Getting Ready for Supply Chain 2030 – Top 3 Supply Chain Trends Every Company Should Follow
Halo attended Supply Chain Insight’s Global Summit last week and came away with several insights of our own. The conference theme, “Imagine the Supply Chain of 2030” led to much discussion about how multiple technology and economic trends are shaping our expectations and making it hard to predict too far in the future. In particular, the crowd emphasized the massive role of data and analytics, the disruptive impact of automation robotics and the increasing expectations for global sustainability initiatives.
In our view, developing more automated and intelligent supply chains will evolve from companies who plan and execute carefully between and now and 2030. Preparing a business and IT infrastructure to support the use of data will be central. What are things companies of any size should be doing today?
First, given so much technological change, it will be nearly impossible to chart a long-term course. Just look at how fast driverless car initiatives like Uber’s are moving. So, preparing your organization to be agile may be more important than attempting to predict the future. Agile data companies are those that can respond fastest to new opportunities presented by automation. To do so, however, those companies should not be locked into particular proprietary platforms. Because as those proprietary platforms grow, they become less agile themselves. Instead, open architecture platforms offer the best solution to building a data technology infrastructure that can adapt to an unpredictable future. These platforms used well established technologies like SQL that can be learned quickly, implemented inexpensively, and changed out when necessary without losing years of information.

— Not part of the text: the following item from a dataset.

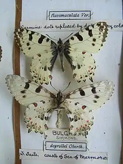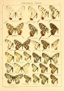 T. cerisyi God. (9d). Closely resembling in colour and pattern the male of Sericinus, being like this spotted with black on a pale yellow ground, the hindwing bearing traces of red near the middle of the costal margin and at the anal angle. Hindwing with only one strongly prominent tooth. Balcan States, Greece and Asia Minor; not so common as polyxena, occurring from April till early June, being still earlier in the southern districts. — The female varies very much ; specimens which are very strongly spotted with black are sold by dealers as ab. obscurior (9d), in albidior (9e) the ground-colour is white, in ochracea (9e) bright yellow, and in pallidior (9d) fallow; in ab. flavomaculata Verity the carmine dots are replaced by dots of honey-colour; all these aberrations occur together with ordinary cerisyi. — caucasica Led.[now species Allancastria caucasica (9e) has in both sexes very large, broad, black costal spots on the forewing, the hindwing being sUghtly and almost evenly scalloped, the middle tooth hardly projecting; in Armenia. — deyrollei Oberth.[ now species Allancastria deyrollei] (9d) has the three teeth before the anal angle of the hindwing prolonged into short tails; in the coast districts of the Black Sea, in the whole of Asia Minor, southward to Syria; extremely common, in some places appealing in enormous numbers. — cretica Reb. (9e) [now species Allancastria cretica] occurs on Crete and some Greek islands; a sparsely marked form in which the three teeth of the hindwing mentioned above are indicated only by black curved lines, the edge of the wing not being distinctly excised. Not so common as the preceding. — Larva yellow, brown or reddish, the tubercles being red; from May till July, on Aristolochia. Pupa dust-colour or yellowish grey, variegated with thin black dashes, especially on the head. — The buttertlies are on the wing on the first warm days of the year at rocky places and the edges of woods. [1]

Second, data quality will be more important than ever. The more firms become data-driven, and the more data they collect, the harder it will be to ensure the currency, coverage and accuracy of the information they use. To address this issue, data quality automation will become an essential component of an IT organizations tool kit. Data quality automation refers to tools that reduce the manual and laborious tasks that go into ingesting, checking, and transforming data for analysis purposes. In particular, data quality is different for predictive applications. There need to be clear methods of handling missing data, outliers, and sudden shifts in data sources and volumes.
Last, supply chain data security becomes essential. Global supply chains will have operational and strategic data floating across business units, trading partners, countries and regions. Data may be stored in one country and used in another. This poses evolving risks because of varying regulations around privacy and compliance reporting. Building a security perimeter around data assets will be a complex challenge requiring an evolving set of skills and technologies.
As the Imagine 2030 conference highlighted, we are in for an exciting ride as multiple technologies converge to change our world and business models. Data, automation and robotics are just a few of the technical shifts. While its hard to see out to 2030, we think there are obvious steps companies can be taking today to exploit the opportunities and mitigate many risks.